Senator MCCLURE. Dr. Graham, the ERAB report seems to indicate that electricity sales are not of major consequence. I think I state that correctly.

Mr. Schoettler, if I state it wrong, I would invite your intervention, but that is the way I read the ERAB report.

It seems to me that that ignored projections of the need for at least 110 gigawatts of additional electrical power in the United States by the year 2000, and the growing concerns about global warming and acid rain, and the political volatility, which I hope we haven't forgotten, in the Middle East. As Science Advisor to the President, do you think the decisions on the NPR technology should, to the extent possible, factor in concerns about energy policy?

Mr.

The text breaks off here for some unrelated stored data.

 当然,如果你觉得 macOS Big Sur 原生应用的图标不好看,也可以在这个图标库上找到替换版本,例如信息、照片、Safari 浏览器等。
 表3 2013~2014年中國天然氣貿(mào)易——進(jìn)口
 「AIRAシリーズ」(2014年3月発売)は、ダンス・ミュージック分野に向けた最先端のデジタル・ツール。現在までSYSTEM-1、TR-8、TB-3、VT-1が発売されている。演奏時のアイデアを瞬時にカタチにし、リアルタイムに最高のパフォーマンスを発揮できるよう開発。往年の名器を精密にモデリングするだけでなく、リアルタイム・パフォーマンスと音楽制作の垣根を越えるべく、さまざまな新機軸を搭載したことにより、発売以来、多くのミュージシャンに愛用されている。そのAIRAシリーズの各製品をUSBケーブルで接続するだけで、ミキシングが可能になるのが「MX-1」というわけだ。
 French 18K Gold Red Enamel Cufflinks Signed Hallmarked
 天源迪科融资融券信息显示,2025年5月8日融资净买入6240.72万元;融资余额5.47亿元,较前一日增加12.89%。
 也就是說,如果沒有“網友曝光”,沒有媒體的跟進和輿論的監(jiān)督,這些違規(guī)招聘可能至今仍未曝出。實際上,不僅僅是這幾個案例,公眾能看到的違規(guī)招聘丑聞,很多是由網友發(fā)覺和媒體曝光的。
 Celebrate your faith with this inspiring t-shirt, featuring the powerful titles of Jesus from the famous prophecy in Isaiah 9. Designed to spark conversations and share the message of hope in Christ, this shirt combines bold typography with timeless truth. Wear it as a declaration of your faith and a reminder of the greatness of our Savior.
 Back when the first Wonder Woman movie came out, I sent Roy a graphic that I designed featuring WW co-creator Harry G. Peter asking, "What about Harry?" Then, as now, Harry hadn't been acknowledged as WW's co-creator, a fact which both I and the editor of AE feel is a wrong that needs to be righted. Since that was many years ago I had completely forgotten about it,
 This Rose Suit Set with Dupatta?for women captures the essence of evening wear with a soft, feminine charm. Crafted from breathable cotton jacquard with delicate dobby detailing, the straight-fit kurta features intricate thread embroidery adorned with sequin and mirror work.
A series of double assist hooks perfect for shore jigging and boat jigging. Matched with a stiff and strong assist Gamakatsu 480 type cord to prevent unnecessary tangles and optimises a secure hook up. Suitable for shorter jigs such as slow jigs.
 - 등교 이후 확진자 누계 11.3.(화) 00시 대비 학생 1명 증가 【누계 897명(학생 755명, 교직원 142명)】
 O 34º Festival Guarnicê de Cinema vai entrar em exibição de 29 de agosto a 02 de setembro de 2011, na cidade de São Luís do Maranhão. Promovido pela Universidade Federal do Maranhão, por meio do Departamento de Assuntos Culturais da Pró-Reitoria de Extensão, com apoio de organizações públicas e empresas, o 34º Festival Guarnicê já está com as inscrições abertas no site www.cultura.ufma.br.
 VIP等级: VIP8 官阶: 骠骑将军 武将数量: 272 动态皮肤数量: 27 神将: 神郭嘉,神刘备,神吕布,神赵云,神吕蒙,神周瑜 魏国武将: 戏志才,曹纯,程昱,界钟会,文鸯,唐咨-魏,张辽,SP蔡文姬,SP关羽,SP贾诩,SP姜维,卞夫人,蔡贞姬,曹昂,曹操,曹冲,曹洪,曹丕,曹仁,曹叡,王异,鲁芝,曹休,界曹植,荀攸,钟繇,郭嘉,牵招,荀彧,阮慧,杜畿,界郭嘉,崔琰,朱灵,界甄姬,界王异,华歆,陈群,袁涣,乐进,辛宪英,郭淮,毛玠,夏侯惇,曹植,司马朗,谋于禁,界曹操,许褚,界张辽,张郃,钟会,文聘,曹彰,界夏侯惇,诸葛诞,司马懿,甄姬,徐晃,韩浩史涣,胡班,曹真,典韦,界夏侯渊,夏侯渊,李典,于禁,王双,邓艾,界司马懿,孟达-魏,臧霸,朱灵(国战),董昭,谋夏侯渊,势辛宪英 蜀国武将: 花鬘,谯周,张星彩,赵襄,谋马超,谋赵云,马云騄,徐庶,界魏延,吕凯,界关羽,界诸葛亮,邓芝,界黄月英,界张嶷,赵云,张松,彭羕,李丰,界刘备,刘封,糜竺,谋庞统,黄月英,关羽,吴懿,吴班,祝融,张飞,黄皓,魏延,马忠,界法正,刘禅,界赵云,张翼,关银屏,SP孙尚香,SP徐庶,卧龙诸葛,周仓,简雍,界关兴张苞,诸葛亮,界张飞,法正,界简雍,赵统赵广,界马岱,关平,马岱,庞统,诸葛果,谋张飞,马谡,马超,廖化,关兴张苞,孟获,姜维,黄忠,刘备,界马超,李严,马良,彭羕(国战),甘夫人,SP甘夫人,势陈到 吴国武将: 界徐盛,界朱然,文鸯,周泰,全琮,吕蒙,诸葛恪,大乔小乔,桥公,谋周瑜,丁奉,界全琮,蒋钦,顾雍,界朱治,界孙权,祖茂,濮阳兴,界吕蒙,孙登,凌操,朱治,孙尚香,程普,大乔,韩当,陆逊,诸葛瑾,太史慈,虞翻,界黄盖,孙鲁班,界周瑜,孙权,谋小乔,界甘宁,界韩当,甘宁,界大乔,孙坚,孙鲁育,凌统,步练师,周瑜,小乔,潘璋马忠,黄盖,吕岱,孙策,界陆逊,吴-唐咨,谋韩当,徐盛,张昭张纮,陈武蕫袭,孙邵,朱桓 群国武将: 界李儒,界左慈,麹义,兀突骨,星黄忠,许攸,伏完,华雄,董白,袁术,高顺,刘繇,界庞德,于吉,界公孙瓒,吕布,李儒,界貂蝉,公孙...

GRAHAM. Senator McClure, along with my colleagues testifying before you, I believe that the reliability of the tritium supply is the paramount issue before the country, and that should be given the principal focus. To the degree that that can be satisfactorily addressed, then I believe other concerns can also be considered, including the national energy policy and technical transfer issues.

Senator MCCLURE. Some concern has been expressed that if steam were produced and sold from an NPR, that those arrangements for sale might interfere with plant operation with respect to the production of tritium. Do you see any inherent unresolvable conflict in that regard?

Mr. GRAHAM. No, Senator, because I think the clear point would have to be made at the outset of any such sale of steam, that the production of tritium was the paramount priority, and it would take precedence over the production of electricity.